She laughs at him, and for a moment all is well again. Damen can almost imagine Laurent somewhere in the garden, curled up in some far-off tree, reading the classics of which he is so fond. 

Then she says, “Don’t you see? It is the only way. We cannot let him live, Damen, and you know it.”

“He would be the ruin of the country.” Damen allows. “But I cannot kill my brother, and there is Hypermenestra to think of.”

Jokaste’s face hardens at the mention of Hypermenestra. “If you truly think all this happened without her knowledge, then you do not merit the effort I have expended in order to keep you safe. There are two kyroi in your dungeons, along with their seneschals, and a number of officers in the army, all complicit in his attempt for the throne.” 

The scope of Kastor’s preparations stretch farther than Damen had expected, but - “How can you know this?”

She throws up her hands, seeking for shreds of patience in the heavens. “Kastor decided in Arles that I would make the perfect royal mistress - as you would never consider marrying me. Hush,” Jokaste says, eyes intent. “He knows you have your sight fixed on lasting peace with Vere, and assumed I would have no part in it - which I know is not true, Damen, stop trying to interrupt. He barely waited for the Prince Councillor’s corpse to begin cooling before he told me of his plans and my role within them.”
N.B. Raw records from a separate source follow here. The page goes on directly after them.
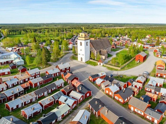 Магията на зимата обгръща всичко – покривите, камбанарията на величествената църква, малките прозорци, зад които някога са светели свещи. Ще усетите пулса на старите времена, ще се потопите в атмосферата на общност, събирала се тук за празници и духовни тържества, и ще почувствате как всяка крачка ви свързва с духа на Северна Швеция.
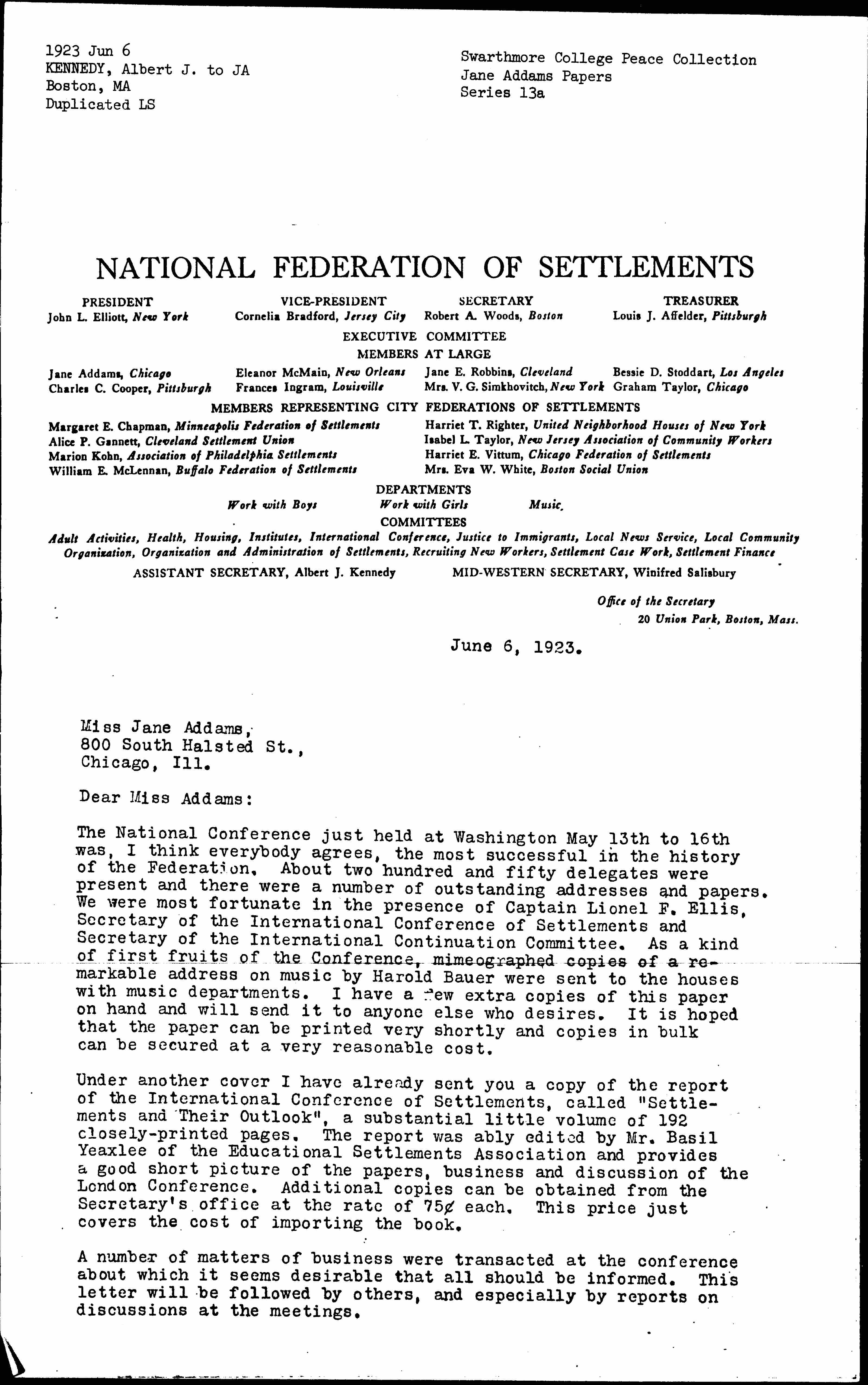 The National Conference just held at Washington May 13th to 16th was, I think everybody agrees, the most successful in the history of the Federation. About two hundred and fifty delegates were present and there were a number of outstanding addresses and papers. We were most fortunate in the presence of Captain Lionel F. Ellis, Secretary of the International Conference of Settlements and Secretary of the International Continuation Committee. As a kind of first fruits of the Conference, mimeographed copies of a remarkable address on music by Harold Bauer were sent to the houses with music departments. I have a few extra copies of this paper on hand and will send it to anyone else who desires. It is hoped that the paper can be printed very shortly and copies in bulk can be secured at a very reasonable cost.
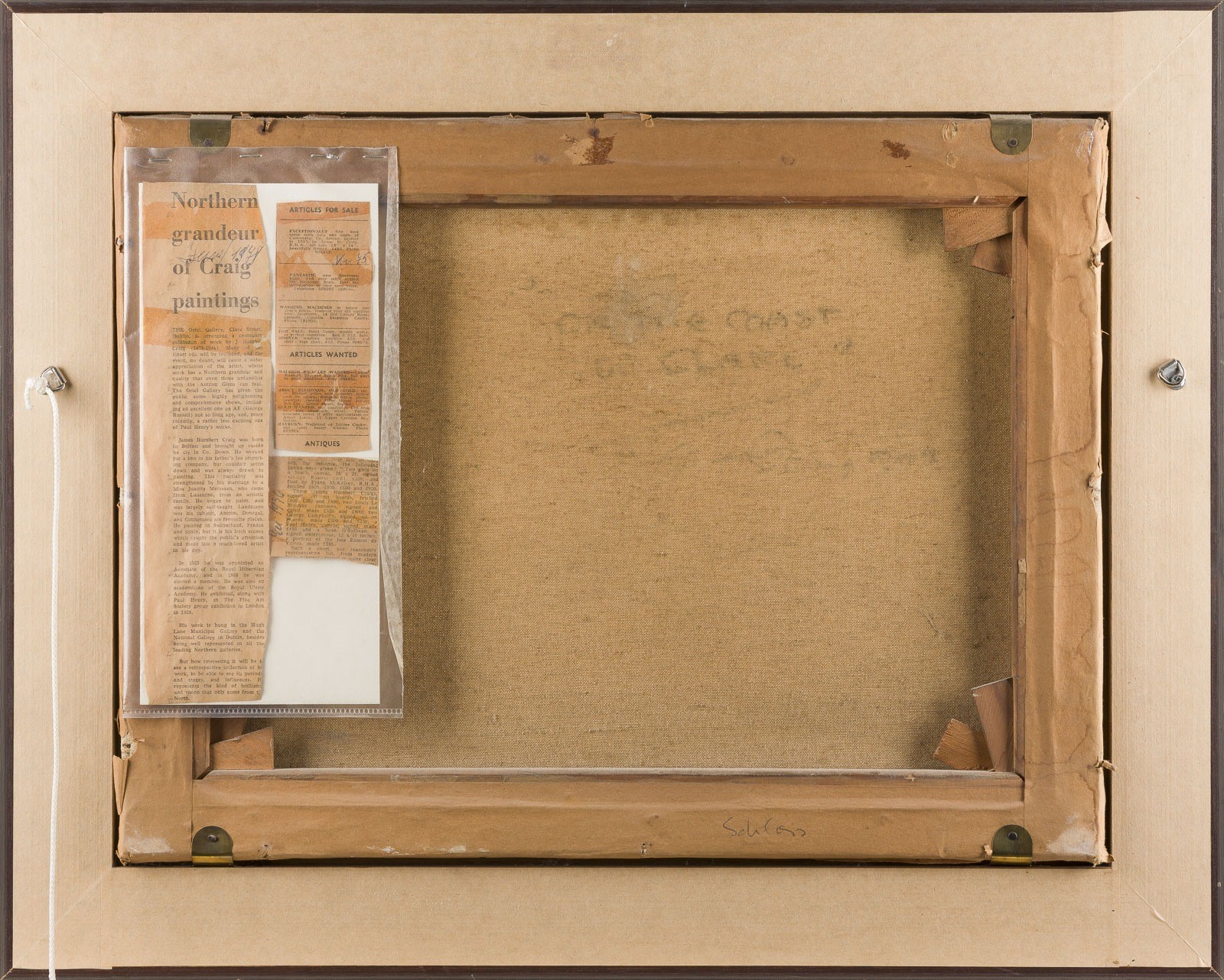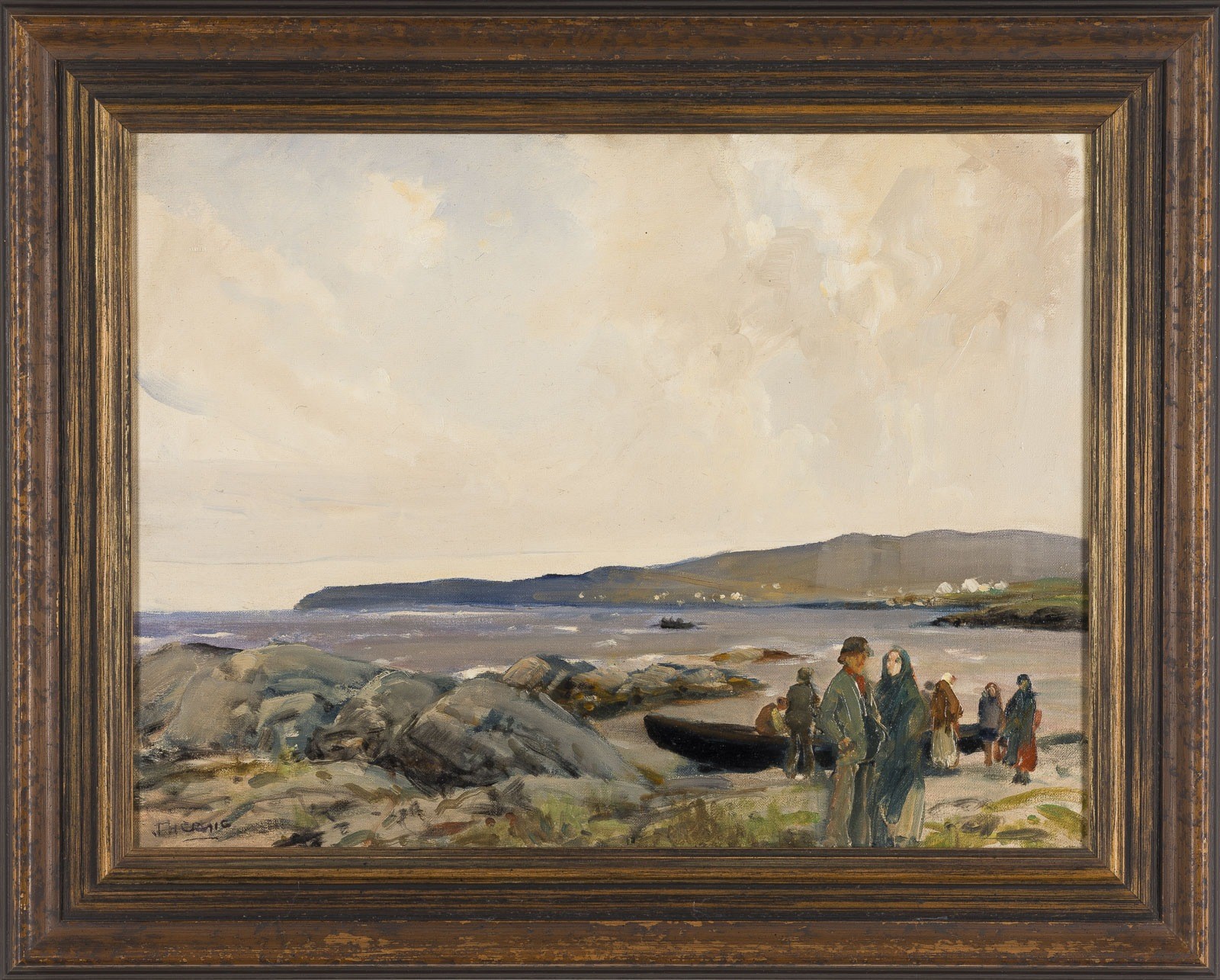 JAMES HUMBERT CRAIG 1878 Belfast - 1944 HARBOUR SCENE IN CUSHENDUN, circa 1930 Oil on canvas. 38.5 x 50.5 cm (f. 51 x 64 cm). Signed lower left. Verso: indistinct pencil inscription. Accompanied by a newspaper clipping featuring an advertisement in English offering a painting corresponding to the present work; the clipping is handwritten dated 1975. Frame. Provenance: Private Collection, from the same collection as Lot 2612.

“And he just assumed,” Damen states, disbelieving.

“Well,” Jokaste says, eyes cast down like the demure maiden she is not, “I may have let him believe certain things.”

Damen hums in consideration, eyes following the intricate knots of her hair. “Well, it must be very tempting,” he offers, “I imagine any number of girls would kill for the chance to warm his bed, and he is considered very handsome - ouch!” 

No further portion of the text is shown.